Сейчас сижу в Моск<овских> номерах у "Каустова". Выспался и ободрился. Денег - почти ни копейки, так что придется идти домой опять пешком. Ну да ничего!.. Или я идиот, или очень умен...

За последнее время жил в деревне. Из Орла от знакомых (от Белоконского и Евдокимова - не знаешь?) получил извещение, не желаю ли я поступить с мая до августа в земск<ую> упр<аву> статистиком - ездить по деревням. Жалованье - немного меньше 50 р., знаний особенных не нужно. Пишет, что если я желаю, то чтобы вскоре известил, прислал бы на имя председателя земск<ой> упр<авы> бумаги и прошение. Немедленно сообщи твое мнение об этом. Должно быть не поступлю, уже потому, что надо вскоре, а у меня бумаги в гимназии, за котор<ые> нужно 15 р. 

Орел, 9 апреля.

Был в управе у Евдокимова: он сказал, чтобы я представил бумаги до первых дней Страстной4 и буду статистиком. Работа - собирать сведения и больше ничего. Во вторник на Фоминой5 надо отправиться в командировку и ездить до первых чисел июля, ни одного дня за это время свободного не будет. Ну да ничего. Работа, говорит, такая, что легче не может быть. Что мне делать? Как я бумаги выкуплю, где за них взять 20 руб.? А страшно хочется!

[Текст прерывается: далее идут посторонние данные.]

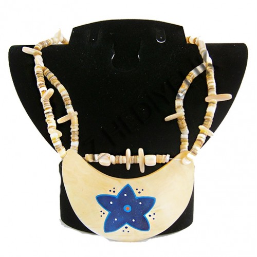 Naturel Sedef Kabuk Yarımay Şeklinde KesilerekÜzerine Desen İşlenmişŞık Bir Kolye.

Жалованье в месяц - 49 рублей, разъезды земские.

Ради Христа, ответь на Елец немедленно

Горячо любящий

тебя

Ив. Бунин.

Примечания

Печатается по автографу: РГАЛИ, ф. 1292, оп. 1, ед. хр. 18, л. 22--25.

На родной земле (1956).-- С. 386--388.

Год определен по содержанию и по связи с п. 56.

1 Бунин приводит вторую половину своего стихотворения "... Голубчик! Зачем говорить?..", опубликованного в "Орловском вестнике" (1891. - 22 янв. (No 22). - С. 2). Первая строка в цитате изменена, в газете - "Да и кому рассказать?"

2 "А. О. Смирновой": "Все это было бы смешно, // Когда бы не было так грустно".

3 Ф. М. Цвиленев.

4

5 Фомина неделя - следующая за пасхальной в 1891 г. была с 29 апреля по 5 мая.